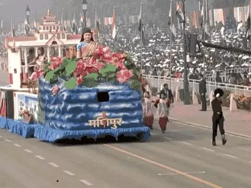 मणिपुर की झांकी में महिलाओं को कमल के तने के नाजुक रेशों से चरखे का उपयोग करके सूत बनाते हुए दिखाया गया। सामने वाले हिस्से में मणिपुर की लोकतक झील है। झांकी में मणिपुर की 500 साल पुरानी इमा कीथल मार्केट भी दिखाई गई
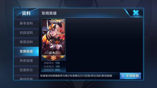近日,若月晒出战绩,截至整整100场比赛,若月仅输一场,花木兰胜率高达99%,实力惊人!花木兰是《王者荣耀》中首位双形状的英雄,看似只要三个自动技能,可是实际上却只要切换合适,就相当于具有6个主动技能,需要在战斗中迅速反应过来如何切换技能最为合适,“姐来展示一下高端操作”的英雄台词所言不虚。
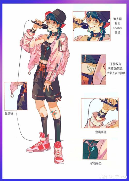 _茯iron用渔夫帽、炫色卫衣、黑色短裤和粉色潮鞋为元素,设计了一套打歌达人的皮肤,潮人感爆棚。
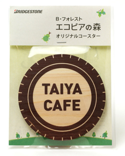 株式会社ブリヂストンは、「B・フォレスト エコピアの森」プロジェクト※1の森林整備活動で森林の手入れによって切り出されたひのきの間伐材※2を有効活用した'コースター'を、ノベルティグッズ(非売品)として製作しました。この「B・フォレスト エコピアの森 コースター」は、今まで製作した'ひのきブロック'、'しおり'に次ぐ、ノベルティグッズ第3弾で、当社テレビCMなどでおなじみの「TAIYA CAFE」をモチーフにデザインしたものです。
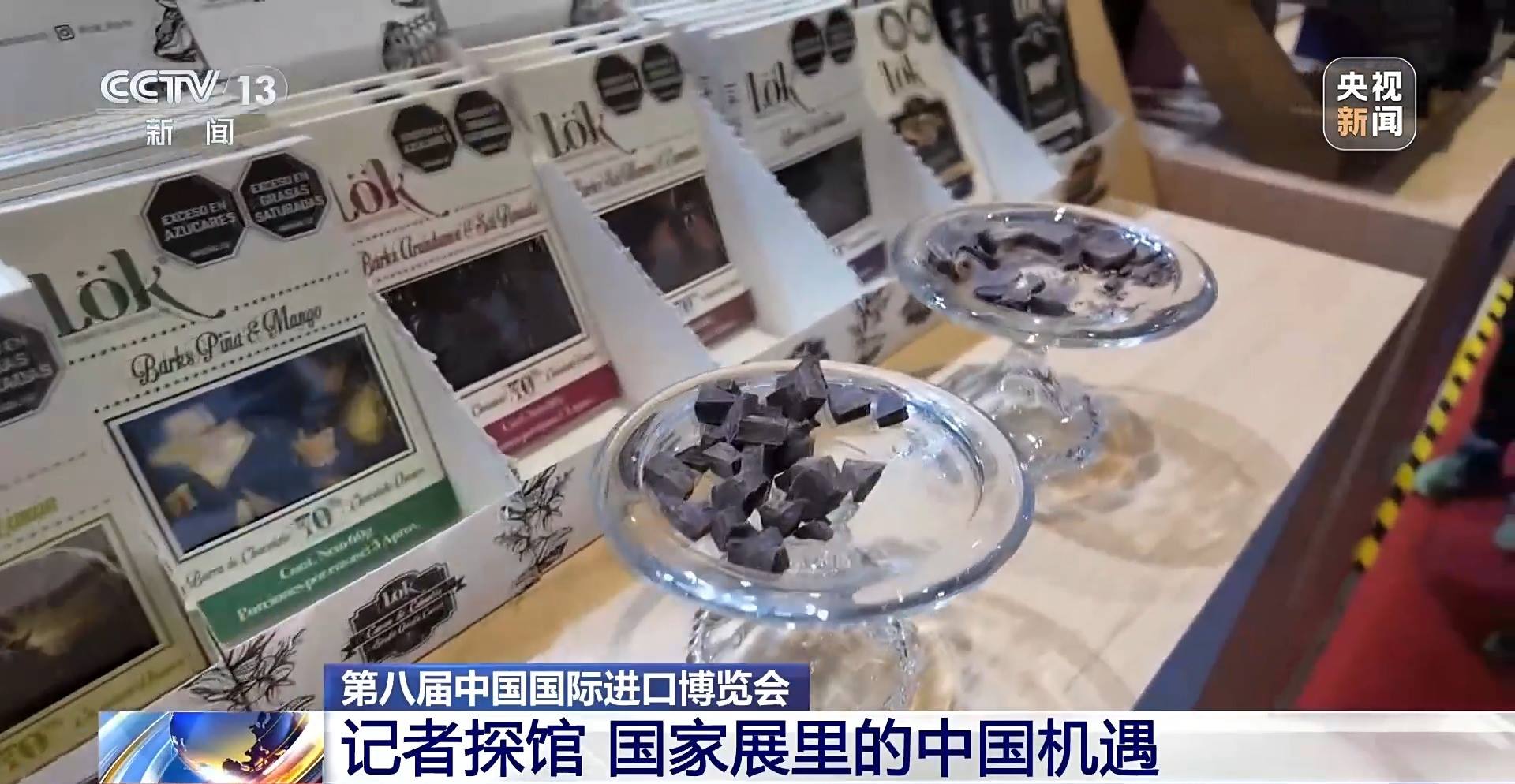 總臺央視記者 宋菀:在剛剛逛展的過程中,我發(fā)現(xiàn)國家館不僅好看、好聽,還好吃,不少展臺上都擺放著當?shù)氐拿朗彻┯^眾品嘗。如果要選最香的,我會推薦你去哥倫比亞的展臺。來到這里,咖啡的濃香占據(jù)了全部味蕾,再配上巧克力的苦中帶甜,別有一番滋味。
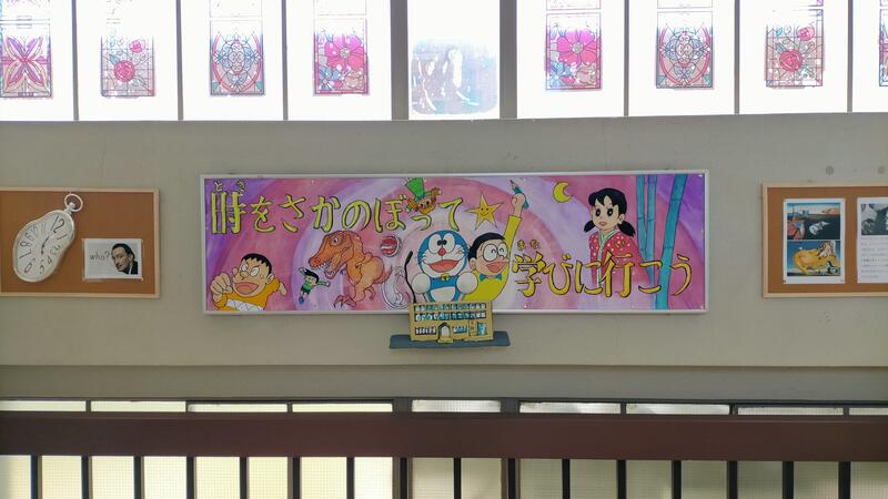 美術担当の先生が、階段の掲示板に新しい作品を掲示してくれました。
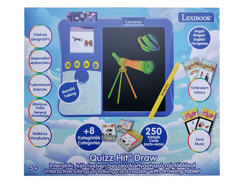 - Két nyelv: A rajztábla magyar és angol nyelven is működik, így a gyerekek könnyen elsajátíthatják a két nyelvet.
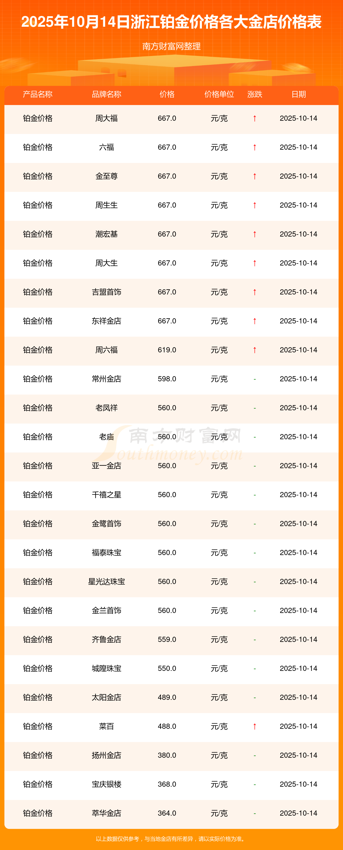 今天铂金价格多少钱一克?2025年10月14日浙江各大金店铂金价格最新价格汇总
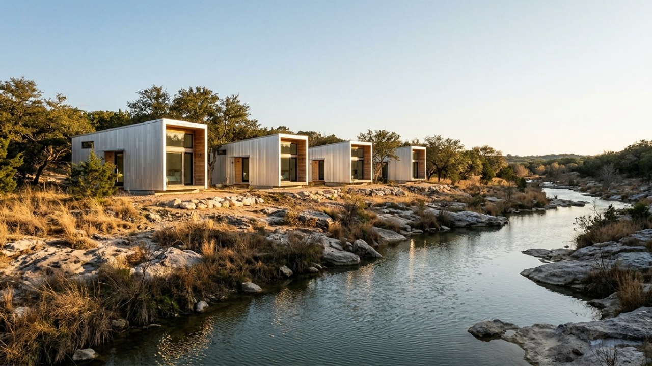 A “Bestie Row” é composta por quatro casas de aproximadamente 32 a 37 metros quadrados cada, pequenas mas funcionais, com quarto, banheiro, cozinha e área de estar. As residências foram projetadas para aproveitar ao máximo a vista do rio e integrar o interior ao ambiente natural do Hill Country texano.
============
▶ [Exercise aim] Could you print the whole listing again, exactly, leaving the pictures out?

▶ [Your solution]
 मणिपुर की झांकी में महिलाओं को कमल के तने के नाजुक रेशों से चरखे का उपयोग करके सूत बनाते हुए दिखाया गया। सामने वाले हिस्से में मणिपुर की लोकतक झील है। झांकी में मणिपुर की 500 साल पुरानी इमा कीथल मार्केट भी दिखाई गई
近日,若月晒出战绩,截至整整100场比赛,若月仅输一场,花木兰胜率高达99%,实力惊人!花木兰是《王者荣耀》中首位双形状的英雄,看似只要三个自动技能,可是实际上却只要切换合适,就相当于具有6个主动技能,需要在战斗中迅速反应过来如何切换技能最为合适,“姐来展示一下高端操作”的英雄台词所言不虚。
 _茯iron用渔夫帽、炫色卫衣、黑色短裤和粉色潮鞋为元素,设计了一套打歌达人的皮肤,潮人感爆棚。
 株式会社ブリヂストンは、「B・フォレスト エコピアの森」プロジェクト※1の森林整備活動で森林の手入れによって切り出されたひのきの間伐材※2を有効活用した'コースター'を、ノベルティグッズ(非売品)として製作しました。この「B・フォレスト エコピアの森 コースター」は、今まで製作した'ひのきブロック'、'しおり'に次ぐ、ノベルティグッズ第3弾で、当社テレビCMなどでおなじみの「TAIYA CAFE」をモチーフにデザインしたものです。
 總臺央視記者 宋菀:在剛剛逛展的過程中,我發(fā)現(xiàn)國家館不僅好看、好聽,還好吃,不少展臺上都擺放著當?shù)氐拿朗彻┯^眾品嘗。如果要選最香的,我會推薦你去哥倫比亞的展臺。來到這里,咖啡的濃香占據(jù)了全部味蕾,再配上巧克力的苦中帶甜,別有一番滋味。
 美術担当の先生が、階段の掲示板に新しい作品を掲示してくれました。
 - Két nyelv: A rajztábla magyar és angol nyelven is működik, így a gyerekek könnyen elsajátíthatják a két nyelvet.
 今天铂金价格多少钱一克?2025年10月14日浙江各大金店铂金价格最新价格汇总
 A “Bestie Row” é composta por quatro casas de aproximadamente 32 a 37 metros quadrados cada, pequenas mas funcionais, com quarto, banheiro, cozinha e área de estar. As residências foram projetadas para aproveitar ao máximo a vista do rio e integrar o interior ao ambiente natural do Hill Country texano.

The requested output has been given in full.